> _Dataset excerpt_
_ _ _ _ _ _ _

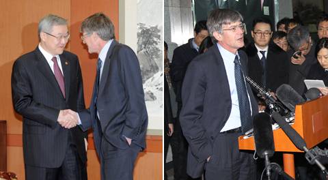 26일 오전 11시 서울외교부청사 17층 접견실. 한국을 방문한 제임스 스타인버그 국무부 부장관이 들어오자 카메라 플래시가 터졌다. 김성환외교부 장관이 웃는 얼굴로 오른손을 내밀었다. 스타인버그 부장관은 양복 상의 단추를 푼 상태에서 왼손을 바지 호주머니에 넣은 채 악수를 했다.
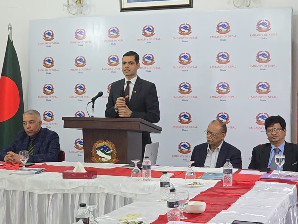 त्यस अवसरमा राजदूत घनश्याम भण्डारीले नेपाल र बङ्गलादेश बीचको बढ्दो आर्थिक संलग्नताबारे चर्चा गर्दै व्यापार, ‘कनेक्टिभिटी’, ऊर्जा र पर्यटनलगायत क्षेत्रमा हासिल भएको प्रगति, नेपालबाट पहिलोपटक ४० मेगावाट जलविद्युत् बङ्गलादेश आयात, ऊर्जा सहयोगले दुई देशलाई मात्र नभई सम्पूर्ण दक्षिण एसिया क्षेत्रलाई त्यसबाट लाभ हुने बताउनुभयो ।
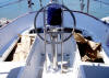 A concern we had were the rusting aft chainplates which were firmly and deeply set into hull. We damaged the gelcoat while removing them; this was irrelevent since we were painting this surface anyway. |
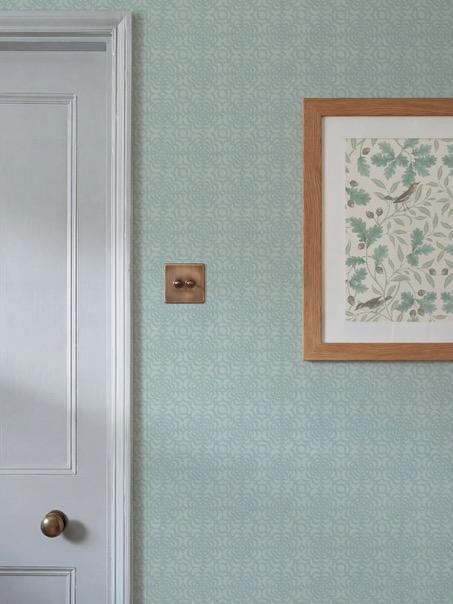 The RHS Star Trellis Wallpaper features a delicate star trellis pattern on a soft blue background. This versatile design adds a subtle touch of elegance and visual interest to any room, making it a perfect complement to bolder patterns in the collection.

_ _ _ _ _ _ _

> _What you are asked to do_
Where the data includes pictures, leave them out and write out everything else exactly.

> _Your solution_
 26일 오전 11시 서울외교부청사 17층 접견실. 한국을 방문한 제임스 스타인버그 국무부 부장관이 들어오자 카메라 플래시가 터졌다. 김성환외교부 장관이 웃는 얼굴로 오른손을 내밀었다. 스타인버그 부장관은 양복 상의 단추를 푼 상태에서 왼손을 바지 호주머니에 넣은 채 악수를 했다.
 त्यस अवसरमा राजदूत घनश्याम भण्डारीले नेपाल र बङ्गलादेश बीचको बढ्दो आर्थिक संलग्नताबारे चर्चा गर्दै व्यापार, ‘कनेक्टिभिटी’, ऊर्जा र पर्यटनलगायत क्षेत्रमा हासिल भएको प्रगति, नेपालबाट पहिलोपटक ४० मेगावाट जलविद्युत् बङ्गलादेश आयात, ऊर्जा सहयोगले दुई देशलाई मात्र नभई सम्पूर्ण दक्षिण एसिया क्षेत्रलाई त्यसबाट लाभ हुने बताउनुभयो ।
 A concern we had were the rusting aft chainplates which were firmly and deeply set into hull. We damaged the gelcoat while removing them; this was irrelevent since we were painting this surface anyway. |
 The RHS Star Trellis Wallpaper features a delicate star trellis pattern on a soft blue background. This versatile design adds a subtle touch of elegance and visual interest to any room, making it a perfect complement to bolder patterns in the collection.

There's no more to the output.